Lawton, who works for the Cultural Alliance, kicked things off by suggesting a new transit stop near the Art Museum. She lives in South Philadelphia, and said it is very tough to get to the Art Museum area from many parts of the city without a car.

Later in the discussion, the group built on her suggestion. Soon, they were using transit to link the Philadelphia Museum of Art with Centennial Park, where the Please Touch Museum now is.

Weintraub, an architect who lives in Bella Vista and has given tours for the Preservation Alliance for the past 20 years, suggested covering I-95 in Center City. Berryman said the exercise was about thinking big – did the group want to propose a larger area to cover? But the group went with the original suggestion when Weintraub pointed out that in other areas, there is more land between the big highway and the water with which to work. So the Center City cover would have the biggest impact.

Everyone in the group agreed that there wasn’t enough of a transit connection between Northeast Philadelphia and Center City, and that portions of the Northeast seemed underutilized. Before long, a new town center emerged on the map. The first step was extending the Market-Frankford El line so that users could take it to Pennypack Park, the Northeast Airport and industrial park, and Frankford Mills Mall.

This was a place where some industry – perhaps green industries – could be more developed, the group decided. And there was also room for more housing, and even agricultural use.

The group proposed a similar community center in the East Oak Lane/West Oak Lane/Olney area. Here, public transit from Center City would be extended, but so would Route 309 from the suburbs. With the dense housing in the area, some compatible industry would give residents a place to work without a big commute, Lindstrom suggested. The area is in need of green space, everyone agreed, and Lindstrom said she saw no reason why that green space couldn’t be at least partly productive – in other words, agricultural.

The group also suggested more green space and denser residential zoning for Chinatown.

A quick trip around the room to look at the half-dozen maps created showed some big ideas in common.

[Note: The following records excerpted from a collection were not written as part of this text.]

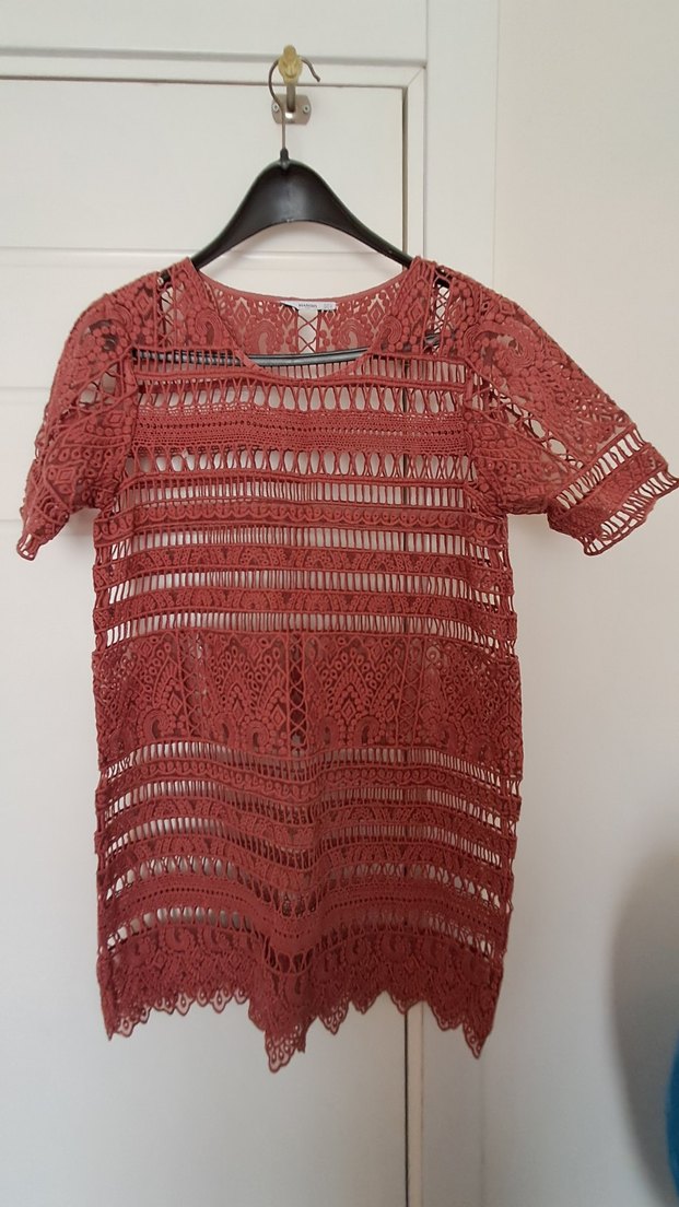 Tarçın renkte, dantel detaylı ve tekne yakalı kısa kollu, bol kesim bohem triko elbise. Dantel görünümüyle çok şık duruyor.İçinde kendi astarı vardır. Yaz geceleri için ideal bir yapısı var.Tok duran bir dokuma yapısı var. Hiçbir kusuru yok dar geliyor.
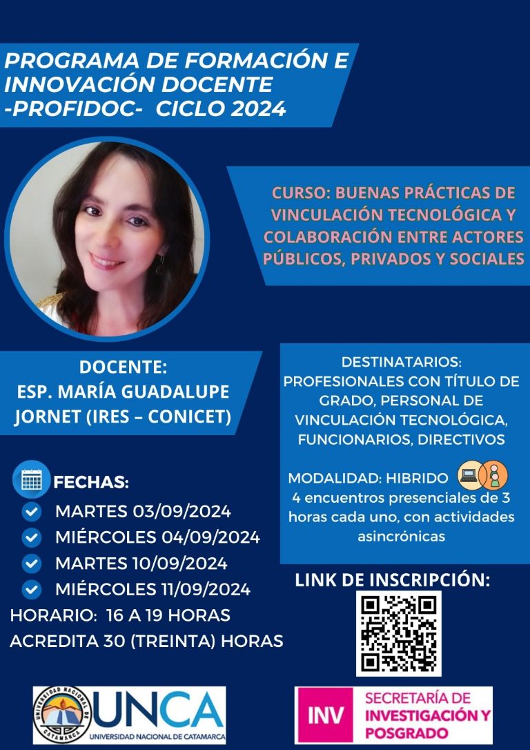 Por un lado, el curso de “Formulación de Proyectos de Vinculación y Transferencia: Crear valor a partir de la investigación”. En este periodo se ofrecen las siguientes propuestas, que estarán a cargo de la Esp. María Guadalupe Jornet (IRES – CONICET), docente con gran y valiosa trayectoria en la temática; formulación de proyectos de vinculación y transferencia: crear valor a partir de la investigación.
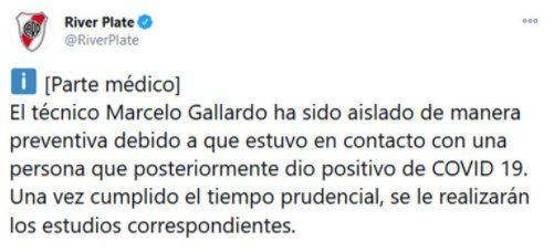 “El técnico Marcelo Gallardo ha sido aislado de manera preventiva debido a que estuvo en contacto con una persona que posteriormente dio positivo de Covid 19. Una vez cumplido el tiempo prudencial, se le realizarán los estudios correspondientes”, informó el club.
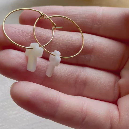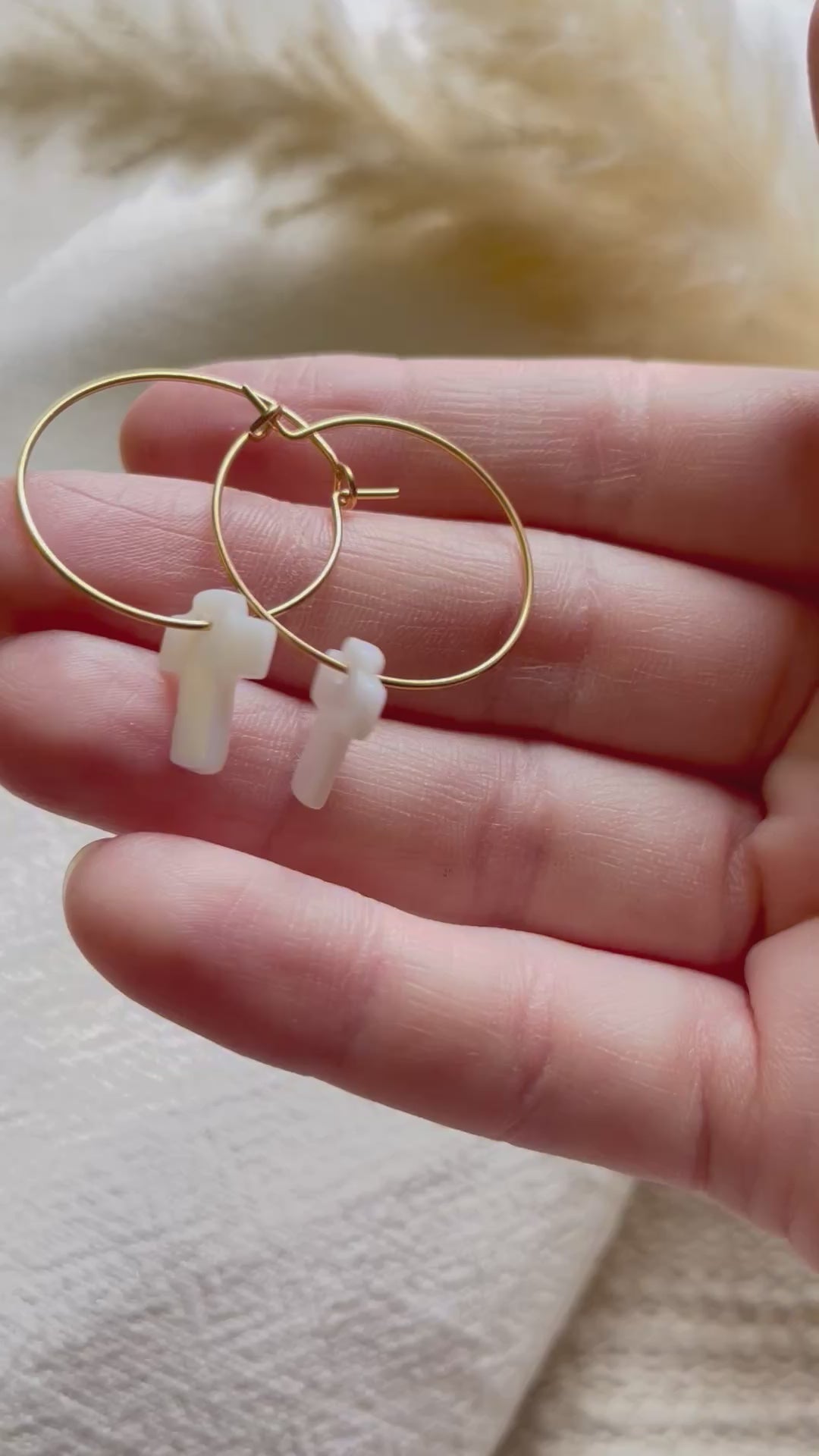 Boucles d’oreilles créoles avec breloque croix en nacre
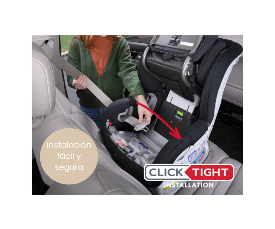 Instalación ClickTight®: ¡Sin estrés ni lucha! Las trayectorias sin obstrucciones del cinturón de seguridad despejan el camino para una instalación segura, y el tensor automático se encarga de apretarlo.
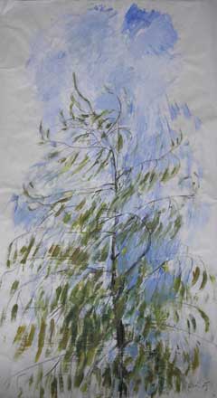Lärche 6, Acryl/Kohle auf Japanpapier, 2005
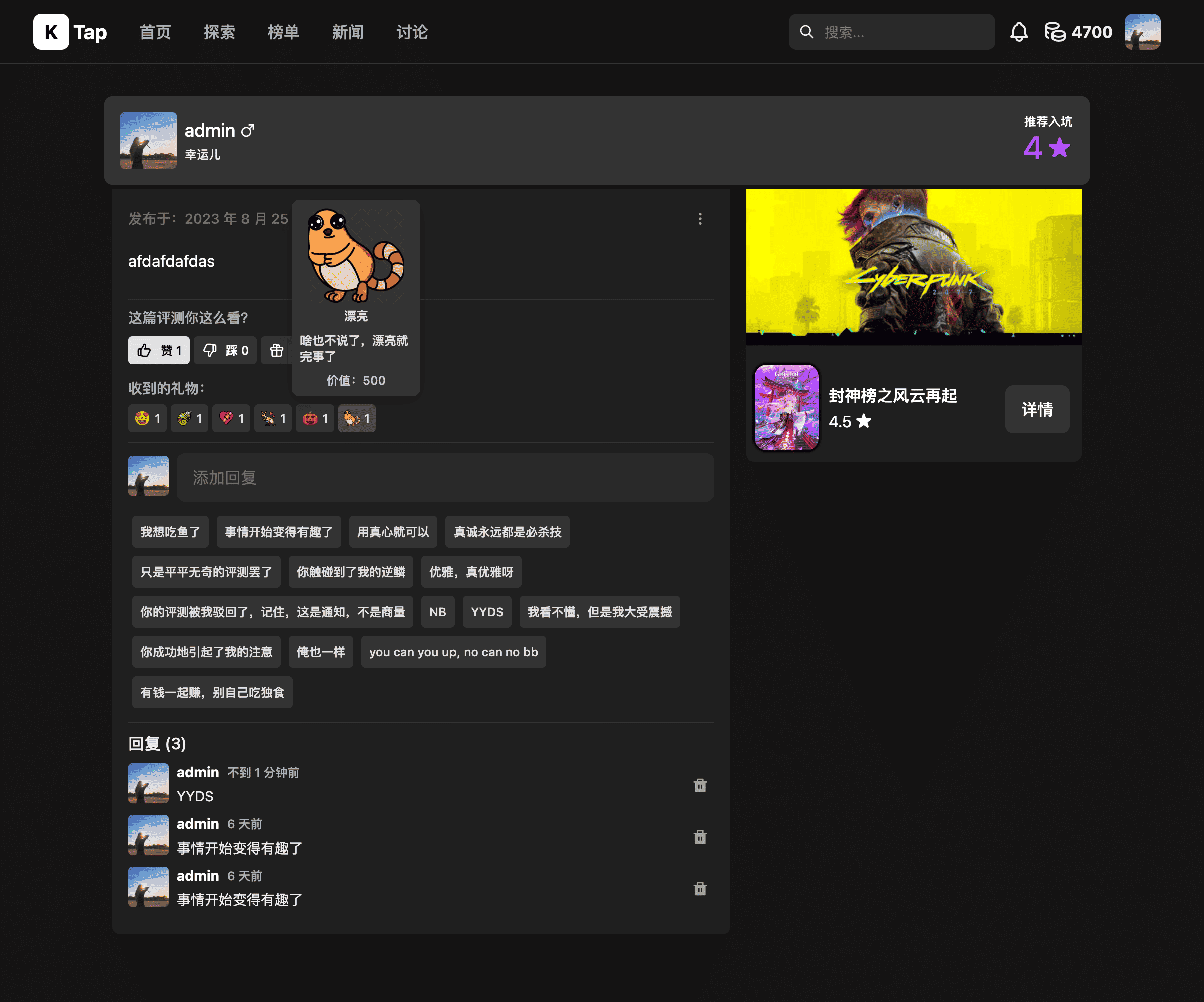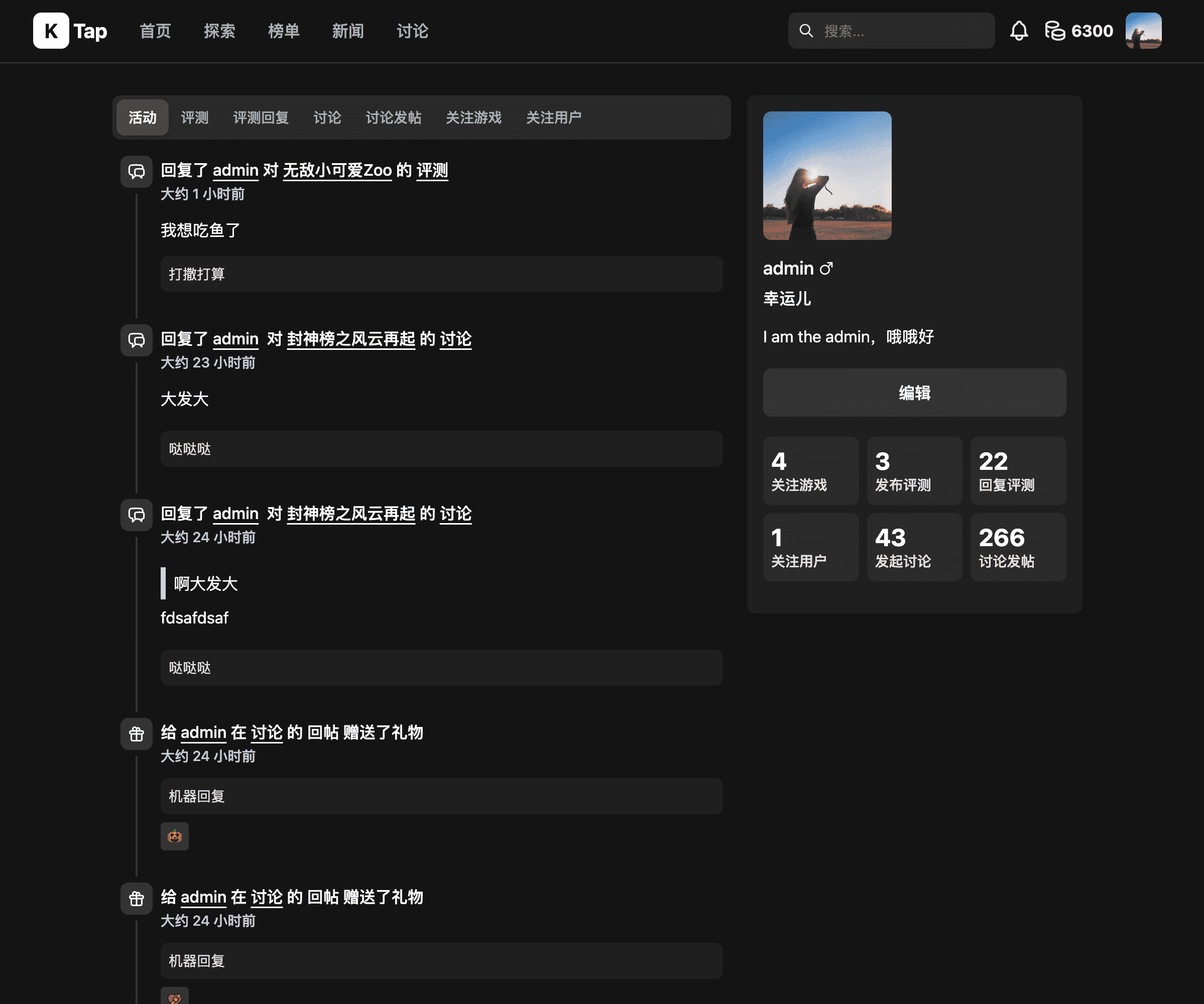 - 运营后台管理:用户、游戏、评测、讨论、标签……
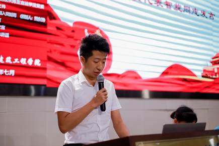 宣誓完毕后,新党员代表智旋同志和老党员代表周奕彤同志先后发言,表达了学生党员对党的深厚感情和对党忠诚、不断提升自我、为党奉献的决心。其后,学院党委书记戴永恒同志做总结讲话,对新党员同志表示了祝贺,寄予了殷切期望,鼓励全体党员向“两优一先”集体和个人学习,深入学习贯彻落实习总书记在庆祝建党100周年大会上的讲话精神,以昂扬的精神状态奋力前行,为实现中华民族伟大复兴的中国梦努力奋斗!
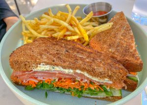 Lunch offers a range of vibrant salads and sandwiches, such as the smoked salmon with whipped herb goat cheese and sweet carrot slaw, or the burrata and Calabrian salami with roasted pepper and hot honey. Capturing the essence of Middle Eastern social culture and food at its center, mezze encourages guests to share in a spread of small plates with baba ghanoush, charred savoy cabbage, quinoa and apple tabouli, confit albacore, roasted carrot hummus, mushrooms a la grecque. Add a berbere yogurt marinated swordfish kebab plate, the toum roasted chicken marinated in whipped garlic (above), Aleppo pepper, and sumac, or enjoy a heartier lamb bulgur burger with shredded lettuce, cabbage, sumac red onion, tzatziki, and mango chutney on a brioche bun.
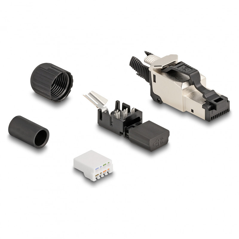 "DeLOCK RJ45 Plug field assembly Cat.6A. Connector(s): RJ45/LSA, Product colour: Black, Silver, Connector gender: Male. Width: 16.4 mm, Depth: 48.7 mm, Height: 13.9 mm. Quantity per pack: 1 pc(s), Package type: Polybag. Country of origin: Taiwan"\n"This RJ45 plug by Delock can be used to connect network cables. Installation of the plug to various cable types is tool-free and time-saving."
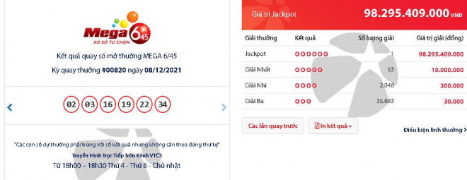 Kết quả xổ số Vietlott tối 8/12 cho thấy, tại kỳ quay số mở thưởng thứ 820 loại hình xổ số Mega 6/45, Công ty Xổ số điện toán Việt Nam (Vietlott) đã tìm được duy nhất chiếc vé trúng Jackpot trị giá 98.295.409.000 đồng.
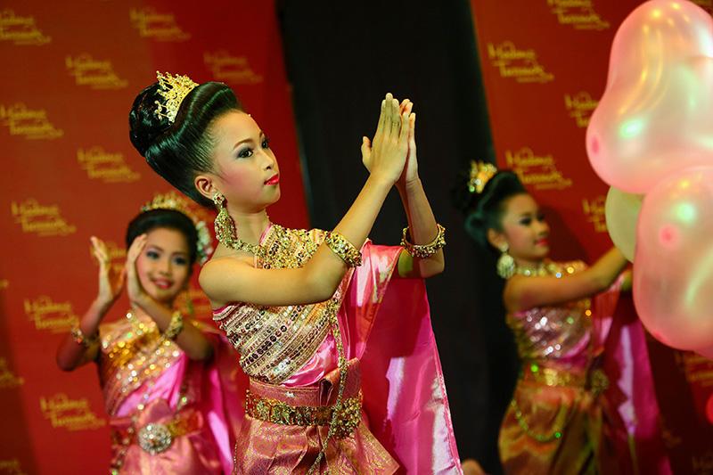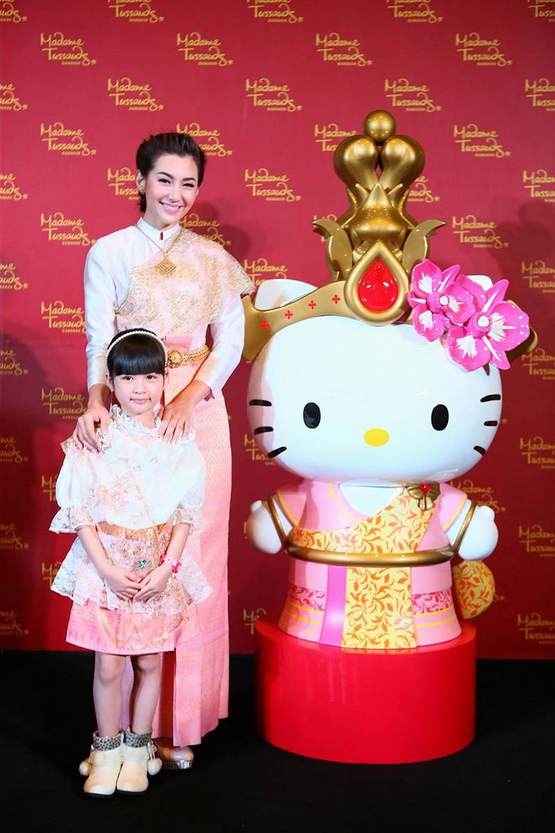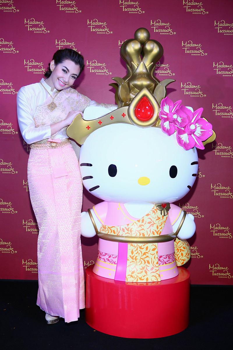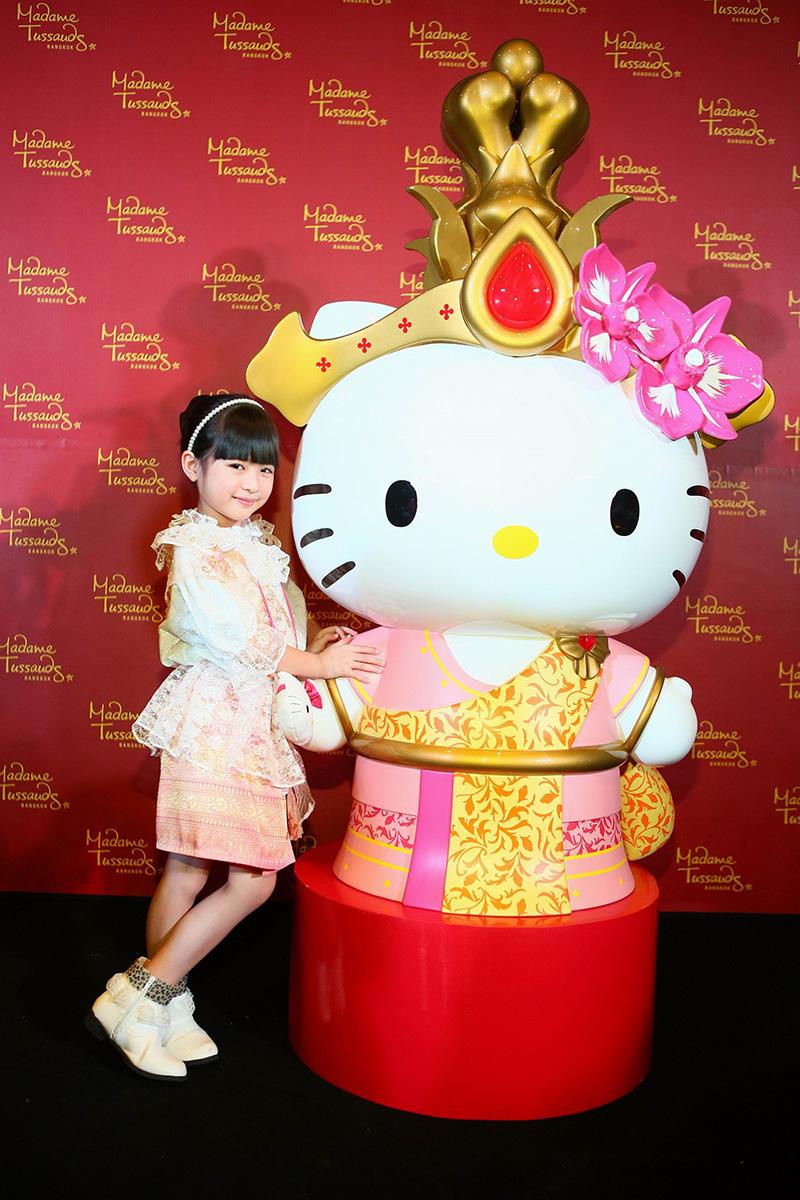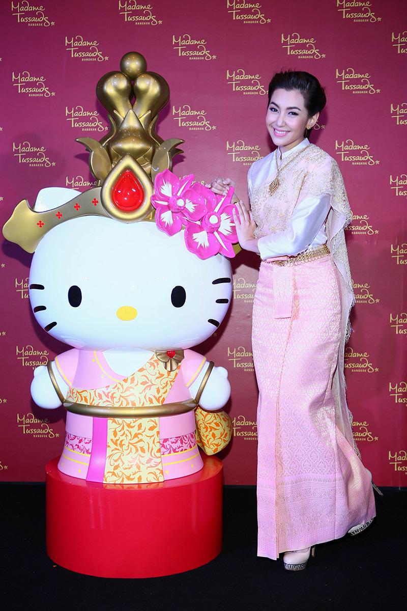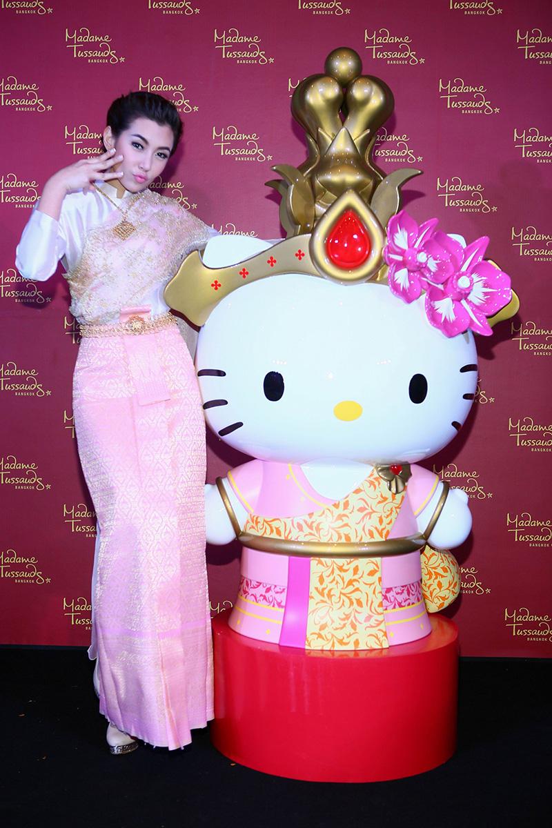 วันนี้จึงถึงเวลาที่ เฮลโล คิตตี้ จะนำความน่ารักและสนุกสนานมาสู่ มาดามทุสโซ กรุงเทพฯ เคียงข้างดาราดังระดับโลกคนอื่นๆ และเพื่อแฟนๆ ชาวไทยโดยเฉพาะ เฮลโล คิตตี้ จึงเปลี่ยนโฉมจากหัวจรดเท้า จากโบว์สีแดงเป็นชฎาของไทย และชุดลายจุดที่คุ้นตา เป็นสไบผ้าไหมอันสวยงาม

Most of the groups wanted to bring some sort of rail service to the Northeast portion of the city, for example – although many chose to build a light rail line on Roosevelt Boulevard instead of extending the Market-Frankford. Some wanted to cap portions of I-95. Other ideas included improving north-south transportation in West Philadelphia and eliminating vacant housing city wide.

At the end of the night, all of the maps were collected by the Plan2035 team.
Further public mapping sessions are scheduled for June 1 at the Please Touch Museum from 6:30 p.m. to 8:30 p.m.; Esperanza College, Monday, June 7 from 6:30 p.m. to 8:30 p.m.; and Knowlton Mansion, Tuesday, June 8 from 6:30 p.m. to 8:30 p.m.